Sen. Bill Cassidy (R–La.) chimed in a couple of days later. "President Trump's legal team has not presented evidence of the massive fraud which would have had to be present to overturn the election," he said. "I voted for President Trump but Joe Biden won."
The same day, Sen. Lamar Alexander (R–Tenn.) offered Trump some advice. "My hope is that President Trump will take pride in his considerable accomplishments, put the country first and have a prompt and orderly transition to help the new administration succeed," he said. "When you are in public life, people remember the last thing you do."
Trump is not the sort of person who takes such advice to heart. But while I have never liked Trump and have frequently criticized him, this final phase of his presidency crystallizes the aspects of his personality that are not merely ugly or laughable but dangerous in anyone who wields political power, whether as the mayor of a tiny town or the head of the U.S. government's executive branch. Trump's utter disdain for the truth, combined with his mercurial nature and complete lack of principles, makes it impossible to have a rational conversation with him, let alone trust him with the ever-expanding powers of the presidency.

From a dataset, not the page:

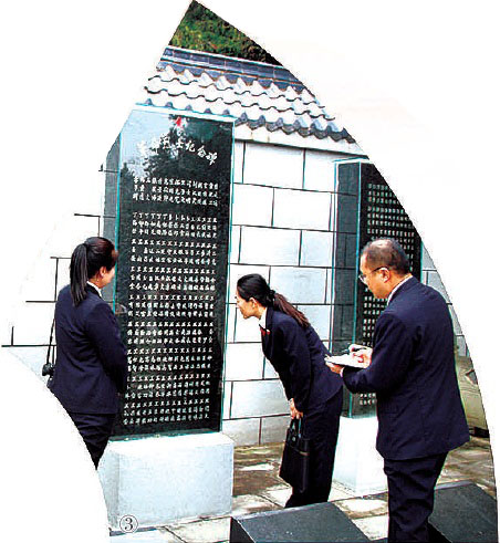 图③:今年10月30日,绥德县检察院检察官对革命烈士陵园烈士纪念设施破损修复情况进行“回头看”。

When P.J. O'Rourke endorsed Hillary Clinton on libertarian grounds in 2016, he called her "the second worst thing that could happen to this country," adding: "She's way behind in second place, you know? She's wrong about absolutely everything. But she's wrong within normal parameters!"
I did not vote for Clinton, but the last four years certainly have validated O'Rourke's expectation that Trump would be wrong outside of normal parameters. I did not vote for Biden either, and I am confident that he will be terrible, but in predictable ways. And he will lie, also in predictable ways. But I am pretty sure he will not create an alternate universe and insist that all right-thinking Americans live in it to satisfy the demands of his ego. In terms of decency, competence, knowledge, and honesty, Trump has set a bar so low that almost any randomly chosen hack can easily step over it.